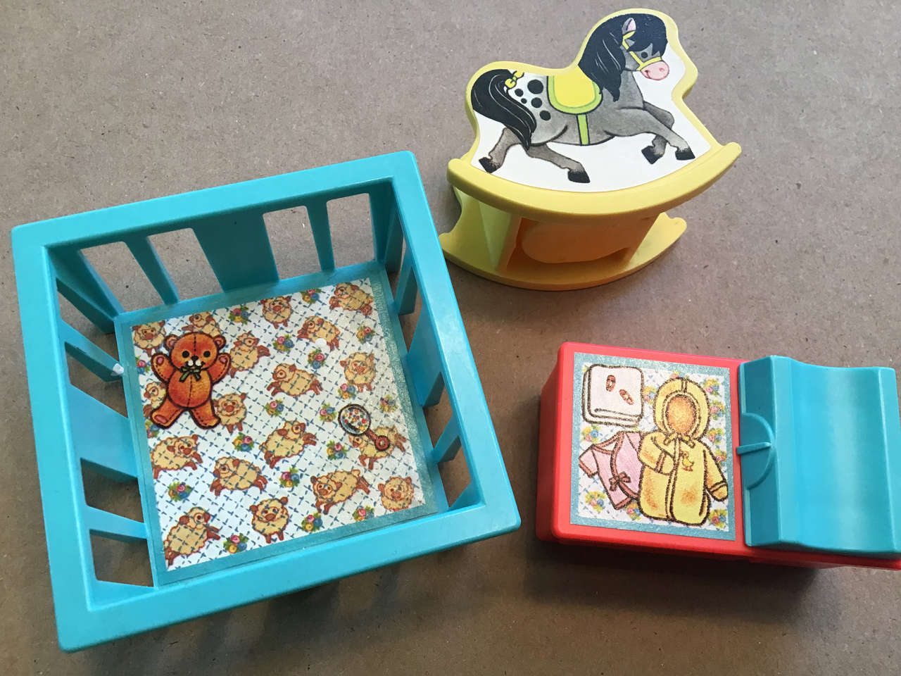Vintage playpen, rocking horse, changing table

******

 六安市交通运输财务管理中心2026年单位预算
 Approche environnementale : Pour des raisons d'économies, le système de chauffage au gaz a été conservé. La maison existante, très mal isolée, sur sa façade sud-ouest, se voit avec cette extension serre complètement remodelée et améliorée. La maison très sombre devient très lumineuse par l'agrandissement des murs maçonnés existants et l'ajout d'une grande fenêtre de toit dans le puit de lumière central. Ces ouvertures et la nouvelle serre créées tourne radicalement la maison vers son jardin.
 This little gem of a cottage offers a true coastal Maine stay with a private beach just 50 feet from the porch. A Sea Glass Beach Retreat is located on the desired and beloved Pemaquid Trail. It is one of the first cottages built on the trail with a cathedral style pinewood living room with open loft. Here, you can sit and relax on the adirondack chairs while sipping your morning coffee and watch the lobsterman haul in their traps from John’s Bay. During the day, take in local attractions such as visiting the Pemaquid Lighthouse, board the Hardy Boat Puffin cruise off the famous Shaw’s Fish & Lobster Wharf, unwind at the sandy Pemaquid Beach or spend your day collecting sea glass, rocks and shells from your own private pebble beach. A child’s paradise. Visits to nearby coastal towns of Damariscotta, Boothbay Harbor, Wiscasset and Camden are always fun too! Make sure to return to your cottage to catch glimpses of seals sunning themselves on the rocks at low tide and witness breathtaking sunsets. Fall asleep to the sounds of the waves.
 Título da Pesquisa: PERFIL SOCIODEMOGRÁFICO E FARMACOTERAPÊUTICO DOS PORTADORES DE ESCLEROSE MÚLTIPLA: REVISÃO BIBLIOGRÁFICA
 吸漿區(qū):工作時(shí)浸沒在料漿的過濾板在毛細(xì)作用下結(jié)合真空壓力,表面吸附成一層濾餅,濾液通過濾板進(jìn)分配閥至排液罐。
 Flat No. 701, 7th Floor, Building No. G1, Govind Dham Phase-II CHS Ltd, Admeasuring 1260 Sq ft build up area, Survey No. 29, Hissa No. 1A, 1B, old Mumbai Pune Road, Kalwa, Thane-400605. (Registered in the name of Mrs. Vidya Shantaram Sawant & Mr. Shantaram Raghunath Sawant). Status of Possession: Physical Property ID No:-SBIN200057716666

******

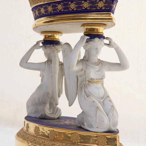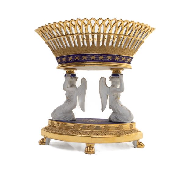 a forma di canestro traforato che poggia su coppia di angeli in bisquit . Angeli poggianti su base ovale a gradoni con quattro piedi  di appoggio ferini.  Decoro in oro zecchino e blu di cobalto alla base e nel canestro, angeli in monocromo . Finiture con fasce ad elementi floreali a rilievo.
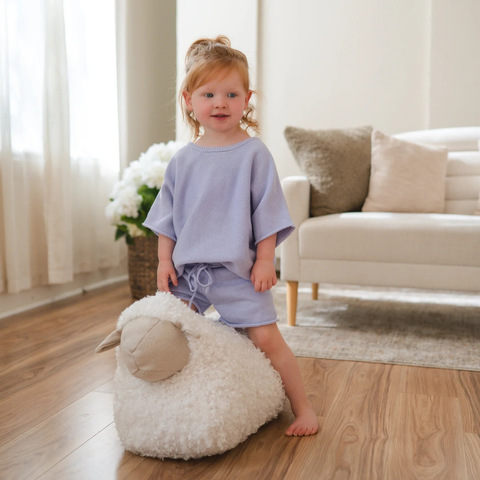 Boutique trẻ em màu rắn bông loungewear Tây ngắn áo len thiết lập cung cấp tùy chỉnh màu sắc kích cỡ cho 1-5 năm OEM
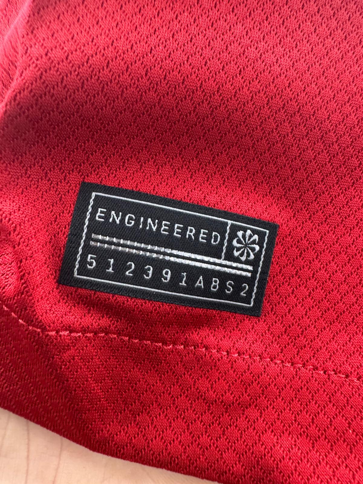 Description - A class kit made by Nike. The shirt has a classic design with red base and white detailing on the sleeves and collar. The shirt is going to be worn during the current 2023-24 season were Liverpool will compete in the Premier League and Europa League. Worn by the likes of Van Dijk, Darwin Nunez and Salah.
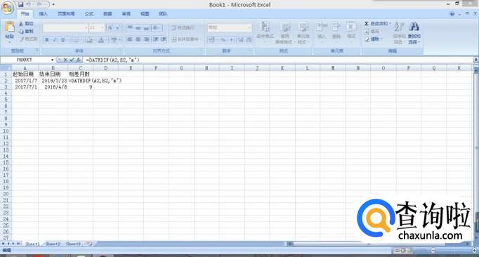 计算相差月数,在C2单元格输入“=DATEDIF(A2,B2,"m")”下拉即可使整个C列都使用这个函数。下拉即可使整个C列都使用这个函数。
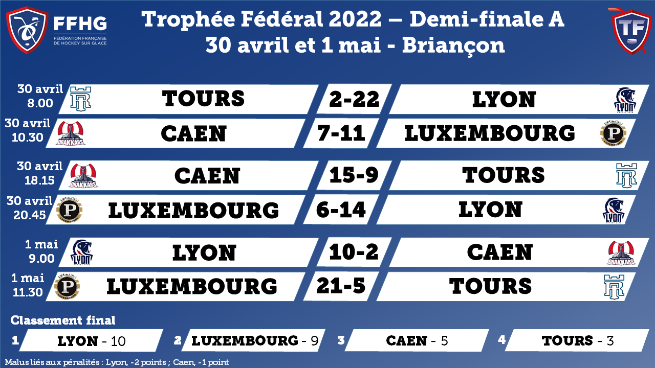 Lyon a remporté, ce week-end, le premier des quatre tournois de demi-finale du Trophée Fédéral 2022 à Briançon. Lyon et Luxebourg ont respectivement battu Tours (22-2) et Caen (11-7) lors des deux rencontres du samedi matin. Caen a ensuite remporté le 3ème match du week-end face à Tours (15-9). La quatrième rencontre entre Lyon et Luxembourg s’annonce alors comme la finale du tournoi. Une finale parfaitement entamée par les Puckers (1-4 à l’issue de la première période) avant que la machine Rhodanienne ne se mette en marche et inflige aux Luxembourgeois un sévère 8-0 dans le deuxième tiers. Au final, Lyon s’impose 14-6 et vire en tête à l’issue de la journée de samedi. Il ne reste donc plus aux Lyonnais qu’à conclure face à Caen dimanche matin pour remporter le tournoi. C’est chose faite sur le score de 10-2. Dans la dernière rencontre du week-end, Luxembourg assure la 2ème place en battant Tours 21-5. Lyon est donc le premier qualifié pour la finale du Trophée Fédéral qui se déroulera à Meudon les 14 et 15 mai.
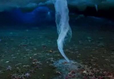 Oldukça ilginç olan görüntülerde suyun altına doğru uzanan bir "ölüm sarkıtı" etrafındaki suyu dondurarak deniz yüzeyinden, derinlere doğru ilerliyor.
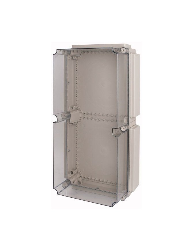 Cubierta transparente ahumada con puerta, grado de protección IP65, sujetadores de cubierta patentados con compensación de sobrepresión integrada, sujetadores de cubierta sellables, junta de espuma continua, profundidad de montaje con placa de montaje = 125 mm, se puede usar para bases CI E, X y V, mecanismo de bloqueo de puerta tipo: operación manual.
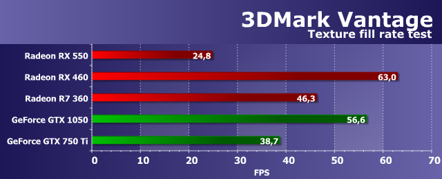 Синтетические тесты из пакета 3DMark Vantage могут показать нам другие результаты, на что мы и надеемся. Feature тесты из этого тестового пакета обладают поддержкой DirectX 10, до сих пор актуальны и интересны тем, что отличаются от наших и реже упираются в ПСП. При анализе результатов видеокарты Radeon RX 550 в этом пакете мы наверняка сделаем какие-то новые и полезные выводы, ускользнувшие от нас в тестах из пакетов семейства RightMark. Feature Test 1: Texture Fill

******

[Aim of the exercise]: In the listing above, find the line with "Oldukça ilginç olan" and the line with "Синтетические тесты из". Copy both of them and every line between, exactly, but not the pictures.

[Finished exercise]:
 Oldukça ilginç olan görüntülerde suyun altına doğru uzanan bir "ölüm sarkıtı" etrafındaki suyu dondurarak deniz yüzeyinden, derinlere doğru ilerliyor.
 Cubierta transparente ahumada con puerta, grado de protección IP65, sujetadores de cubierta patentados con compensación de sobrepresión integrada, sujetadores de cubierta sellables, junta de espuma continua, profundidad de montaje con placa de montaje = 125 mm, se puede usar para bases CI E, X y V, mecanismo de bloqueo de puerta tipo: operación manual.
 Синтетические тесты из пакета 3DMark Vantage могут показать нам другие результаты, на что мы и надеемся. Feature тесты из этого тестового пакета обладают поддержкой DirectX 10, до сих пор актуальны и интересны тем, что отличаются от наших и реже упираются в ПСП. При анализе результатов видеокарты Radeon RX 550 в этом пакете мы наверняка сделаем какие-то новые и полезные выводы, ускользнувшие от нас в тестах из пакетов семейства RightMark. Feature Test 1: Texture Fill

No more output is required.